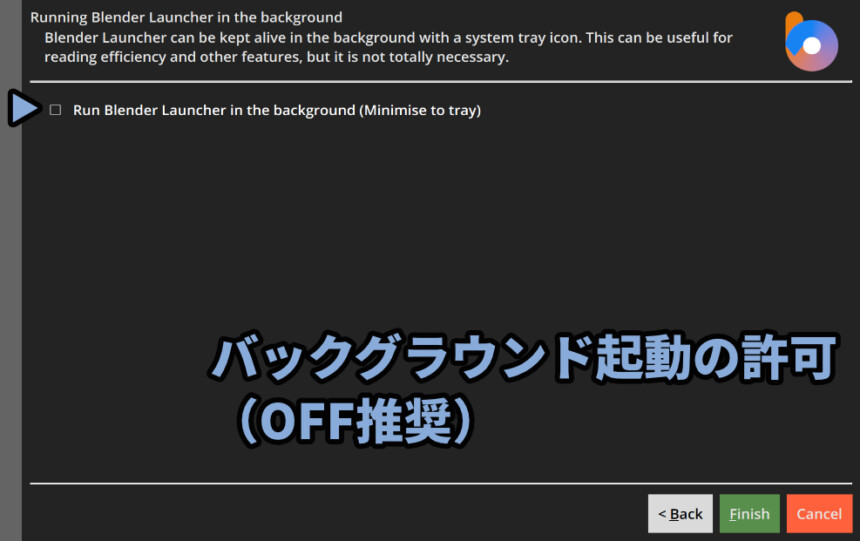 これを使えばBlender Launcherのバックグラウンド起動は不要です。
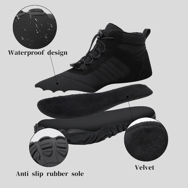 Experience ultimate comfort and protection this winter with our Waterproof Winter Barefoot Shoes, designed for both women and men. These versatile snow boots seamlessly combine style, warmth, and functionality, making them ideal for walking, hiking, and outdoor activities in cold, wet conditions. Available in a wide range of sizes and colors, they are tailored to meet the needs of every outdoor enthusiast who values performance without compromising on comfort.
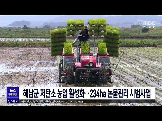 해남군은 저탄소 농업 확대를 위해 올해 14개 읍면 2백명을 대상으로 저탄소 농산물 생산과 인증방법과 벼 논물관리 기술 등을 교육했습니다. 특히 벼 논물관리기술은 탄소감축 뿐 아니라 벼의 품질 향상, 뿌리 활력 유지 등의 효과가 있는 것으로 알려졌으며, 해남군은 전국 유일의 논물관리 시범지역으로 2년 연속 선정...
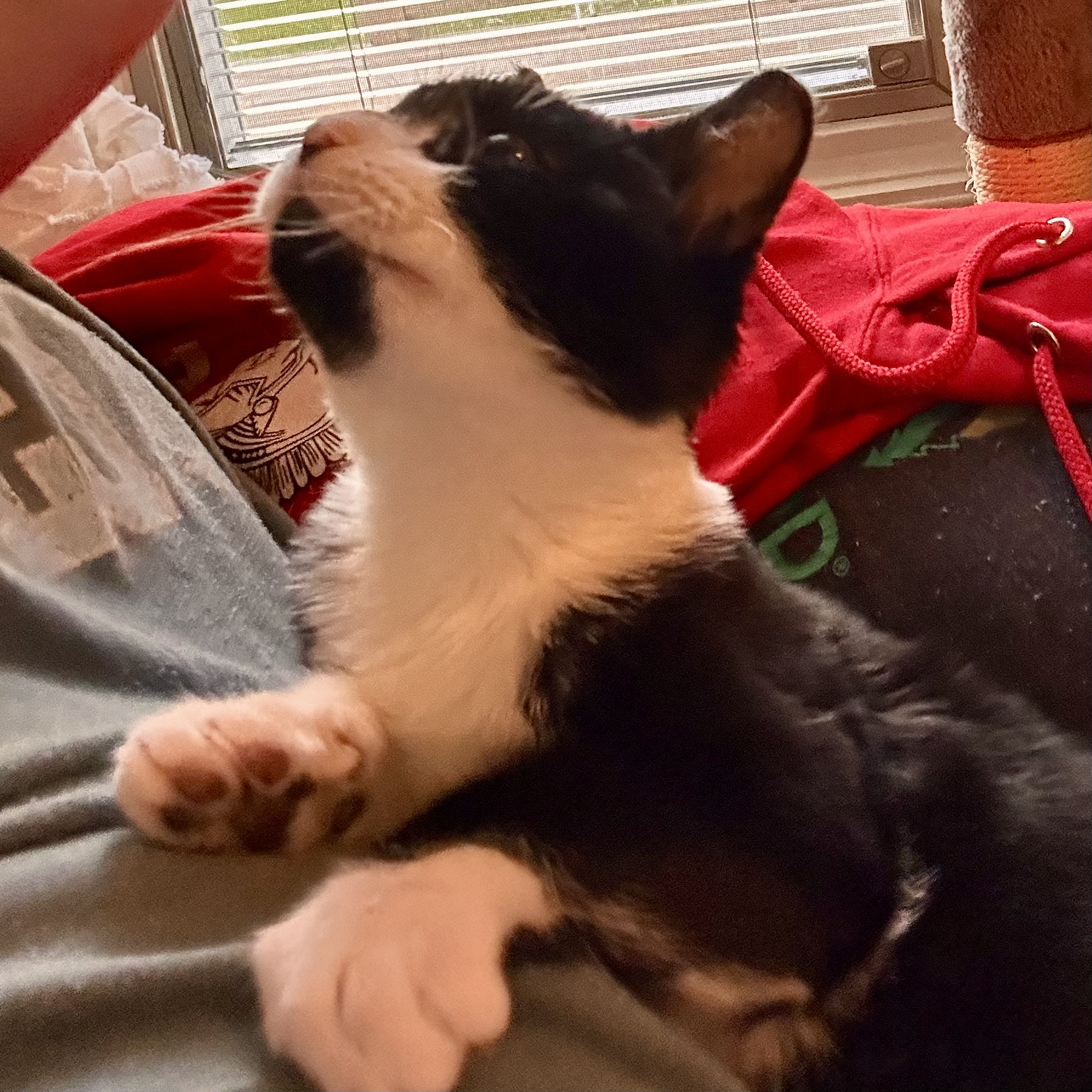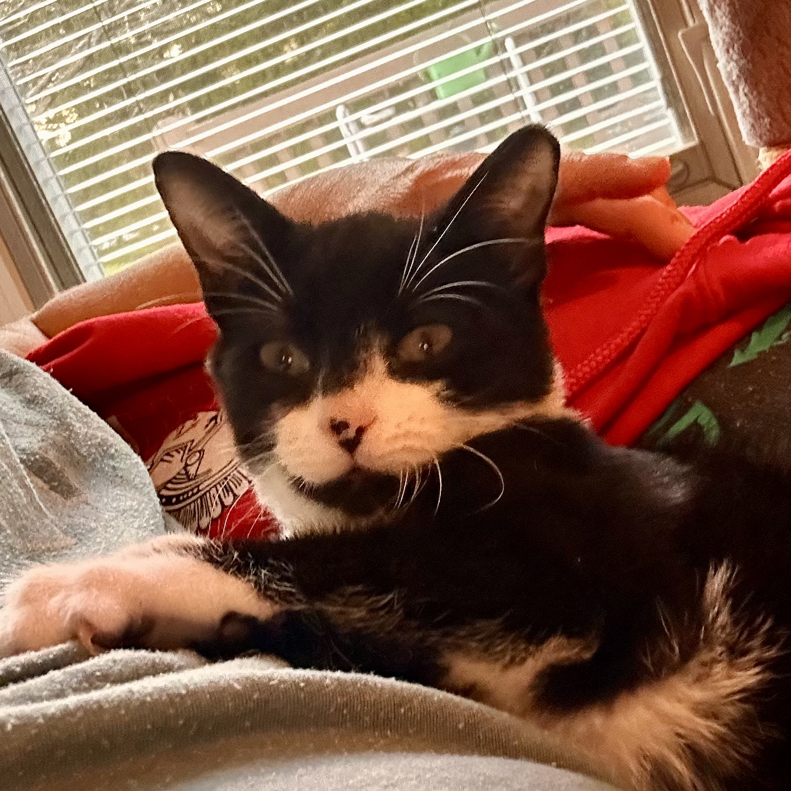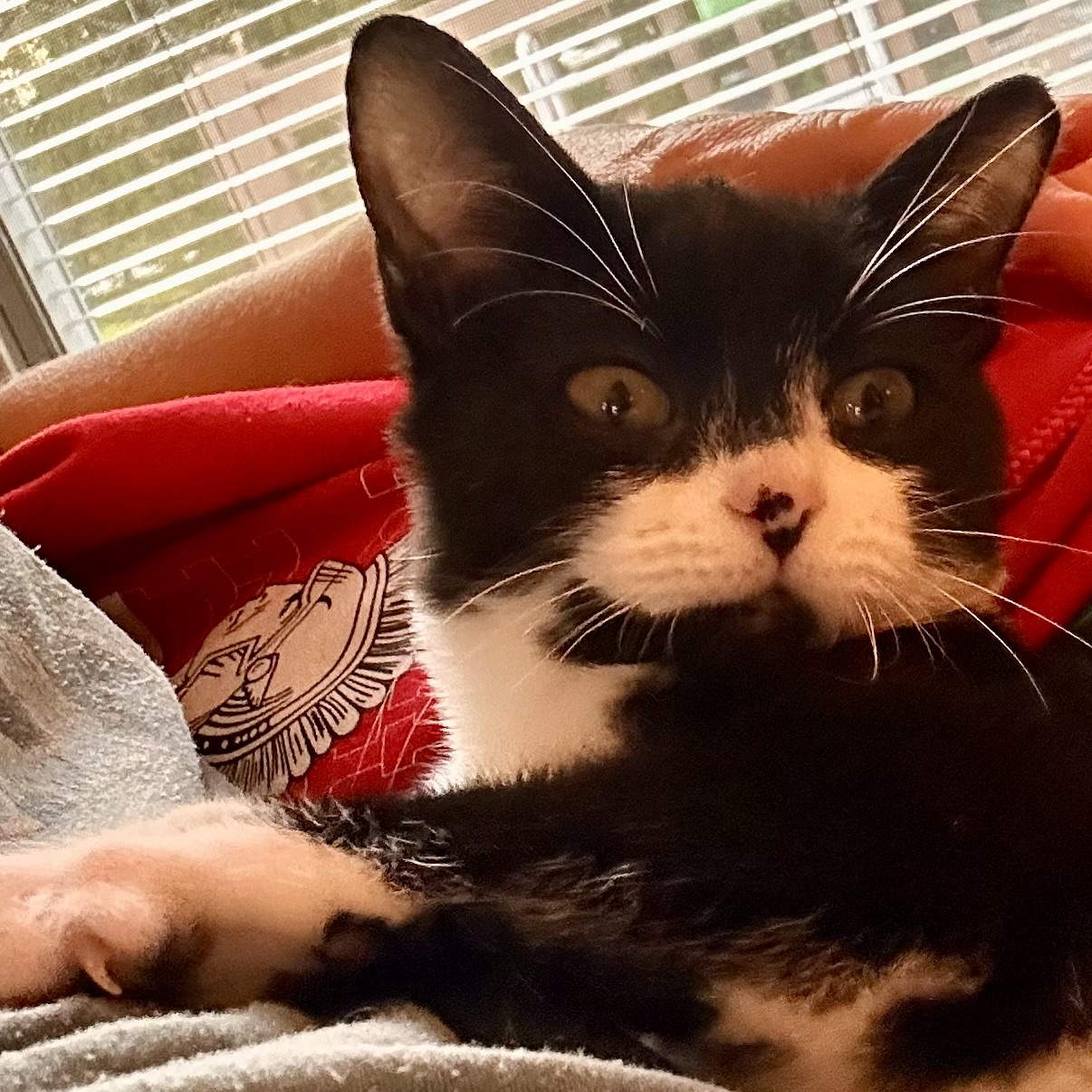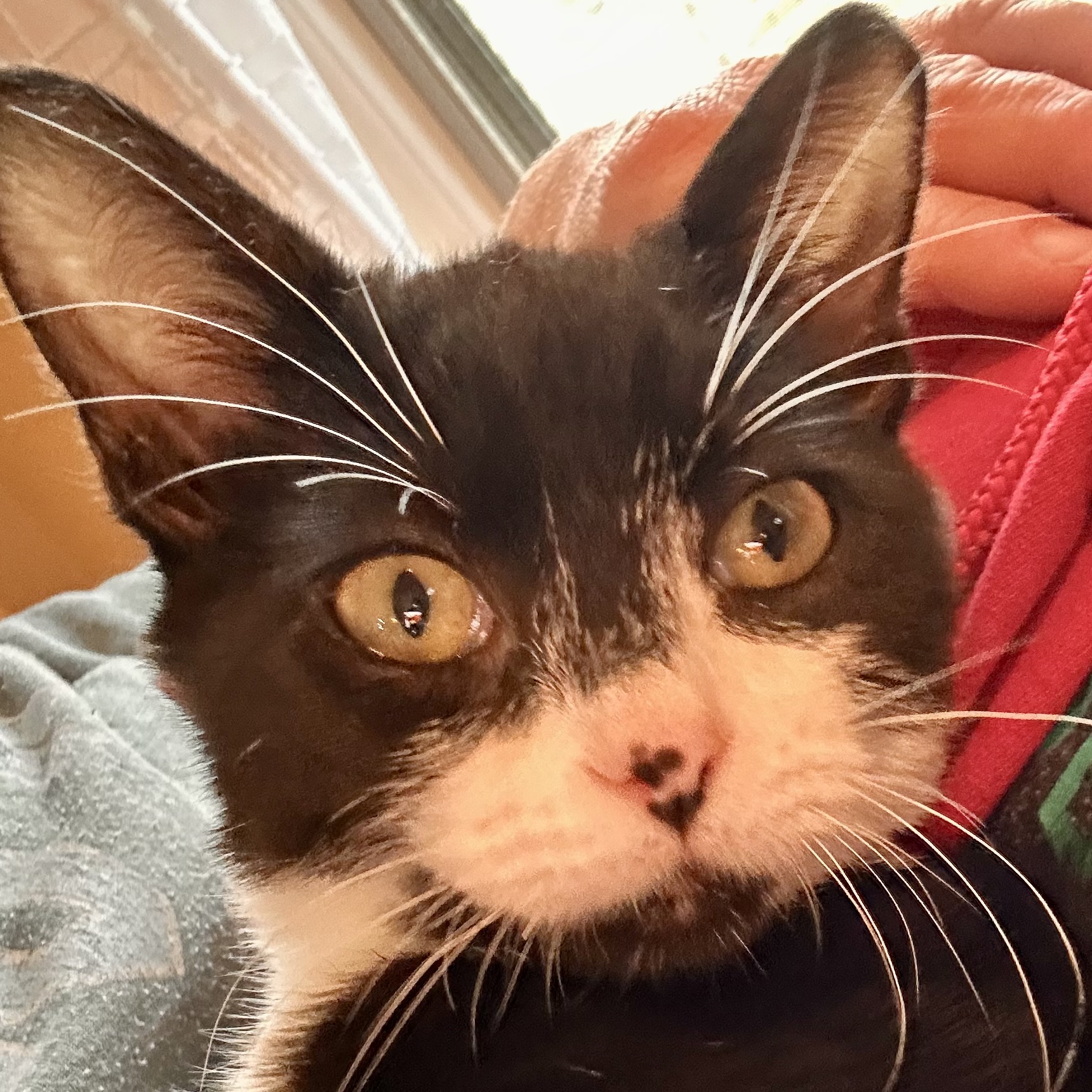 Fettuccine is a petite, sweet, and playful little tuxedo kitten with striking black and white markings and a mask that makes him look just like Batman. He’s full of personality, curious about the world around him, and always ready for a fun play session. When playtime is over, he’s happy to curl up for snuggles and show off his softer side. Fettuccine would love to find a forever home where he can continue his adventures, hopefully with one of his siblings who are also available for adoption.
* * *
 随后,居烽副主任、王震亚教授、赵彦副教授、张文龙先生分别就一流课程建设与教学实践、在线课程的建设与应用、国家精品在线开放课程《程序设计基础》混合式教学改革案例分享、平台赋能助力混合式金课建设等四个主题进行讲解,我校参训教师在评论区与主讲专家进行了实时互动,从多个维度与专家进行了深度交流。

EXERCISE REQUIREMENTS: Give exactly the lines above that run from the line with "해남군은 저탄소 농업" to the line with "Fettuccine is a", both included, leaving every picture out.

RESPONSE FOR THIS EXERCISE:
 해남군은 저탄소 농업 확대를 위해 올해 14개 읍면 2백명을 대상으로 저탄소 농산물 생산과 인증방법과 벼 논물관리 기술 등을 교육했습니다. 특히 벼 논물관리기술은 탄소감축 뿐 아니라 벼의 품질 향상, 뿌리 활력 유지 등의 효과가 있는 것으로 알려졌으며, 해남군은 전국 유일의 논물관리 시범지역으로 2년 연속 선정...
 Fettuccine is a petite, sweet, and playful little tuxedo kitten with striking black and white markings and a mask that makes him look just like Batman. He’s full of personality, curious about the world around him, and always ready for a fun play session. When playtime is over, he’s happy to curl up for snuggles and show off his softer side. Fettuccine would love to find a forever home where he can continue his adventures, hopefully with one of his siblings who are also available for adoption.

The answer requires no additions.